-- SUPPLIED INFORMATION follows --

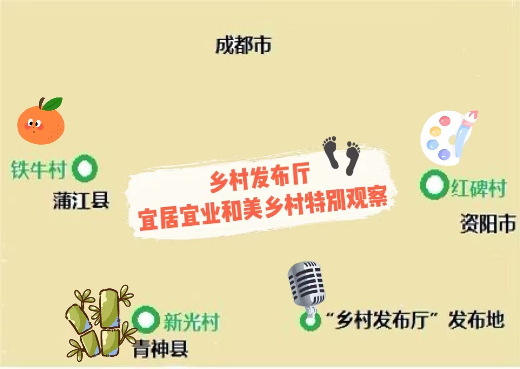 “乡村发布厅”选取了成都市蒲江县西来镇铁牛村、眉山市青神县青竹街道新光村和资阳市临空经济区临江镇红碑村三个代表村落,组织人民日报、新华社及四川农村日报等十余家中央和省市新闻媒体记者一线探访,实地感受四川学习运用“千万工程”经验,建设宜居宜业和美乡村的火热场景。同时,通过田间发布、交流座谈等形式,让媒体记者以更直观、更接地气的角度感受和观察四川乡村,了解各地加快建设生活宜居、发展宜业、治理有效、环境优美的宜居宜业和美乡村的工作思路、举措、亮点和成效,并通过全媒体立体化传播,讲好四川乡村建设的新理念、新举措、新进展和新成效。
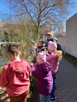 9. 5. 2025 Před Velikonocemi jsme vytvořili jarní dekorace a zavěsili je na větve keřů a vrbičky u jezírka PBDS seniorům a kolemjdoucím pro radost. A v rámci odpoledního klidu si chodíme k jezírku číst z knížky Krysáci jsou zase spolu. 9 / 5 / 2025 BJ
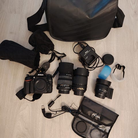 Nikon d7500 ,sigma 70-300,kaukoutki adapter,käytetyyt kaukoputki perassa,laturi ja 2 akut
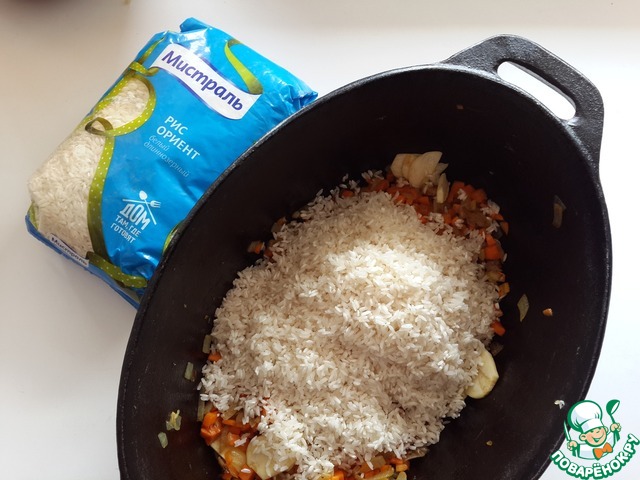 Длиннозерный рис "Ориент" от Мистраль хорошо промойте, дайте стечь воде и добавьте к овощам

-- SUPPLIED INFORMATION concluded --

◆ TASK INSTRUCTIONS: Would you print all of the material exactly as written, minus the pictures?

◆ YOUR RESPONSE:
 “乡村发布厅”选取了成都市蒲江县西来镇铁牛村、眉山市青神县青竹街道新光村和资阳市临空经济区临江镇红碑村三个代表村落,组织人民日报、新华社及四川农村日报等十余家中央和省市新闻媒体记者一线探访,实地感受四川学习运用“千万工程”经验,建设宜居宜业和美乡村的火热场景。同时,通过田间发布、交流座谈等形式,让媒体记者以更直观、更接地气的角度感受和观察四川乡村,了解各地加快建设生活宜居、发展宜业、治理有效、环境优美的宜居宜业和美乡村的工作思路、举措、亮点和成效,并通过全媒体立体化传播,讲好四川乡村建设的新理念、新举措、新进展和新成效。
 9. 5. 2025 Před Velikonocemi jsme vytvořili jarní dekorace a zavěsili je na větve keřů a vrbičky u jezírka PBDS seniorům a kolemjdoucím pro radost. A v rámci odpoledního klidu si chodíme k jezírku číst z knížky Krysáci jsou zase spolu. 9 / 5 / 2025 BJ
 Nikon d7500 ,sigma 70-300,kaukoutki adapter,käytetyyt kaukoputki perassa,laturi ja 2 akut
 Длиннозерный рис "Ориент" от Мистраль хорошо промойте, дайте стечь воде и добавьте к овощам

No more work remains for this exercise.